American pornographic film actress (born 1983/1984)

Carmen Hart (born ) is an American pornographic film actress and exotic dancer native to North Carolina.

==Career==

In October 2005, Hart signed on as a contract performer with Wicked Pictures for two years.
Over the course of her adult industry career, Hart continued to be featured as a dancer in men's clubs as well as appear at modeling shows and conventions in the United States and abroad.

===Appearances===
In March 2007 Hart made an appearance at the 56th Annual Miss USA Pageant at the Hollywood Kodak Theatre. She was the current Miss Exotic International title holder and watched as controversial Miss USA 2006 Tara Conner crowned her successor, Rachel Smith.

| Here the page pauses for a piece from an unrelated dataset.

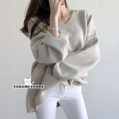 ニット レディース トップス 長袖 セーター Vネック ニットソー プルオーバー カジュアル ゆったり リブ オフィス シンプル インナー 重ね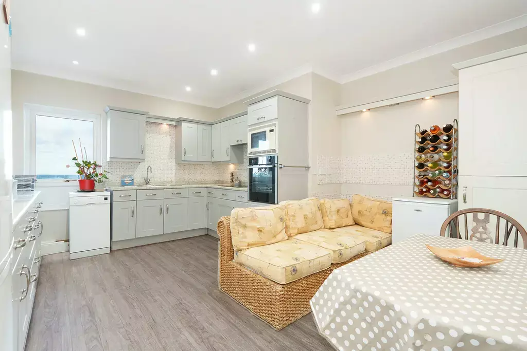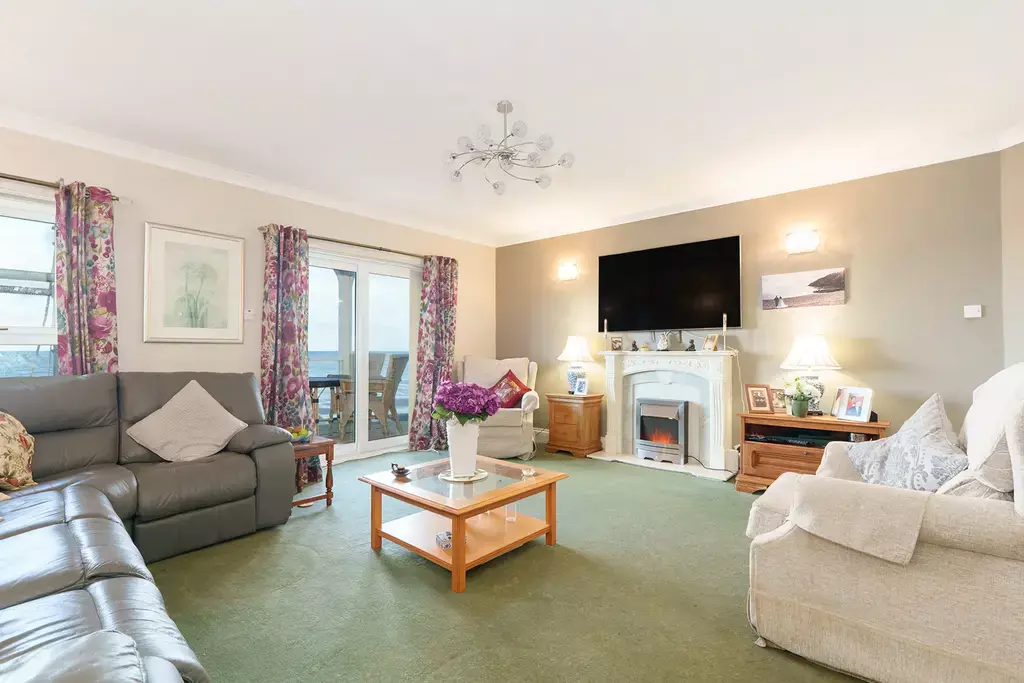 The principal living accommodation is centred around a generous open-plan living and dining room with large balcony, thoughtfully designed to maximise the superb outlook. Large windows frame the bay, creating a bright and uplifting space ideal for both everyday living and entertaining. A separate kitchen/diner provides practicality and functionality.

Hart was also spotted with celebrity judge Vanessa Minnillo and event producer Donald Trump. Later she made a guest appearance on the Los Angeles-based syndicated KROQ FM radio show Loveline.

In May 2007 Hart was featured on the cover of Strip Las Vegas magazine. Later in November Hart was featured along with pornographic film actress Tera Patrick in the 100th issue of GlamorGirl magazine.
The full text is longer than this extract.